The Notice highlights that CCO designation can occur in several ways. First, the member’s written procedures might assign to the CCO the responsibility to establish, maintain and update written supervisory procedures, both generally as well as in specific areas (e.g., electronic communications) Second, the written procedures might assign to the CCO responsibility for enforcing the member’s written supervisory procedures or other specific oversight duties usually reserved for line supervisors. Third, apart from the written procedures, a member firm, through its president or some other senior business manager, might also expressly or impliedly designate the CCO as having specific supervisory responsibilities on an ad hoc basis. Or the CCO may be asked to take on specific supervisory responsibilities as exigencies demand, such as the review of trading activity in customer accounts or oversight of associated persons. Only in circumstances when a firm has expressly or impliedly designated its CCO as having supervisory responsibility will FINRA bring an enforcement action against a CCO for supervisory deficiencies.

FINRA Rule 3110 also distinguishes the responsibility of the CCO, and the person having supervisory responsibility and documents the differences between written compliance principles and written supervisory processes. Normally, the compliance principles are the guidelines and standards by which member firms are required to abide by. But the written supervisory processes document the supervisory system that should be carried out by member firms and direct the supervisors to ensure compliance to the rules through written procedures. Therefore, supervisory liability for CCO will be held only if the company designates supervisory authority to the CCO through its supervisory procedures. When a CCO has been given the supervisory right, FINRA will investigate if the CCO has sensibly implemented his supervisory task. The inquiry will be very much about the facts and circumstances. FINRA will identify distinct factors to determine if a CCO was well-organized. These factors have been enunciated in many execution reports, including failure to supervise. Factors are summarized below:

  • The CCO recognized misconduct, red flags, or a proposal of misconduct and could not take action to rectify the real or suspected misconduct.
  • The CCO was unsuccessful in " ascertaining, sustaining, and implementing the company's written processes" intended to maintain adherence to the FINRA rules and regulations.
  • The CCO's unproductiveness in supervising led to offensive behavior and whether that offensive behavior enhanced the probability of customer harm.

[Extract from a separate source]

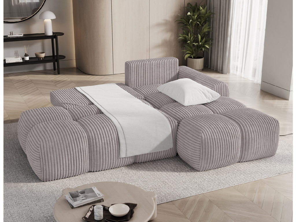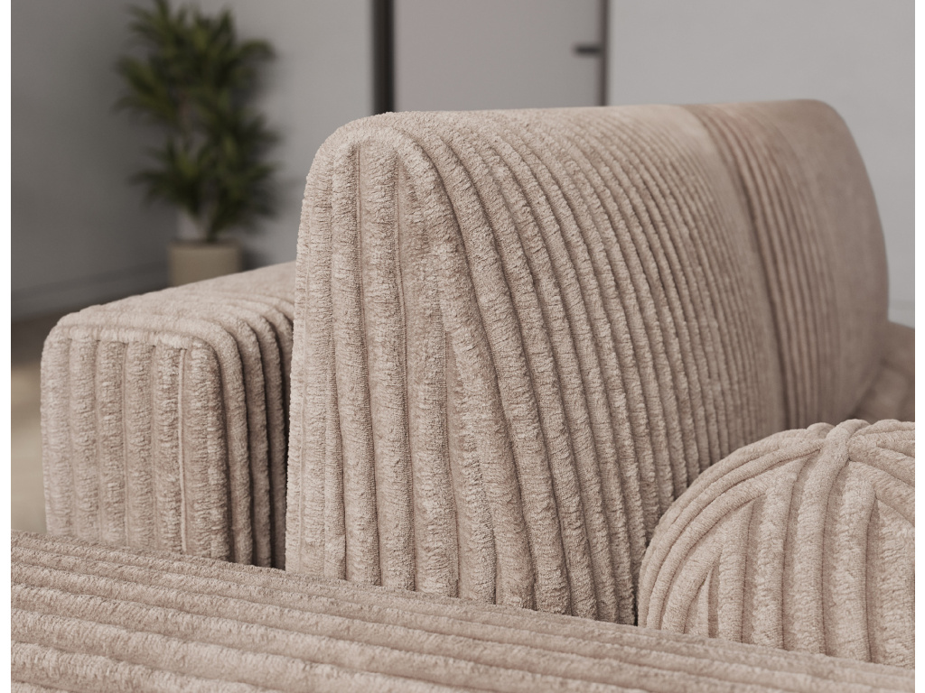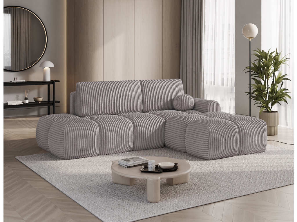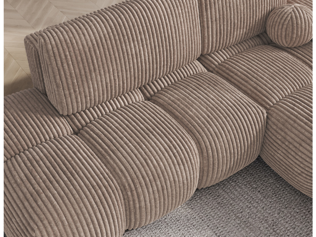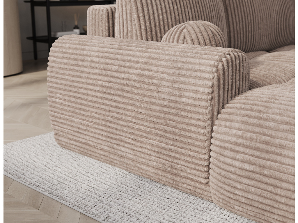 Rohová sedací souprava Vittario je moderní a funkční kus nábytku navržený pro maximální pohodlí. Její kubický tvar a měkké linie dokonale ladí s moderním designem interiéru. Má rozměry 227 × 170 × 95 cm a hmotnost 115,4 kg, což zajišťuje stabilitu a dlouhou životnost. Sedák je vyplněn vlnovcovou pružinou typu B, pěnou HR3030 a pěnou T2315. Opěradlo se skládá z polštářů vyplněných pěnovým granulátem, které se přizpůsobí tělu a poskytují měkké, relaxační pohodlí. Pohovka je vybavena funkcí spaní, která nabízí plochu 95 × 205 cm, a také DL mechanismem s pružinou, který podporuje snadné a rychlé rozložení. Další výhodou je úložný prostor na lůžkoviny, který pomáhá udržovat pořádek v obývacím pokoji. Vittario je kombinací praktičnosti, estetiky a pohodlí, která se skvěle hodí do moderních prostor.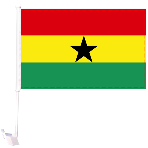 Our Ghana car flags are printed on knitted polyester, the ideal fabric for moving vehicles. The white window pole and clip are made of plastic, strong enough to be used on the highway. These car flags clip nicely onto most car windows.

The regulation highlights CCO liability however also includes certain alleviating factors:

  • The firm did not provide sufficient support to the CCO through staffing or other resources, due to which CCO could not perform his duties perfectly.
  • Other errands excessively burdened the CCO.
  • The supervisory obligations of the CCO were inadequately described or coincided with another official firm.
  • The CCO tried in good faith to perform the duties obligatory to him by discussing the alleviating factors with the company's administration.

In Conclusion

Generally, a CCO's duty is advisory, not supervisory. It would be prudent for member firms to clearly define the advisory and compliance responsibilities and differentiate them from supervisory duties. In instances where the firm has assigned supervisory responsibilities to the CCO, only, in this case, supervisory liability for the CCO can be held. Importantly, she or he must sensibly perform those duties and be mindful of the facts and circumstances detailed in many enforcement actions/finding reports by the staff of both FINRA and the Securities and Exchange Commission (“SEC”).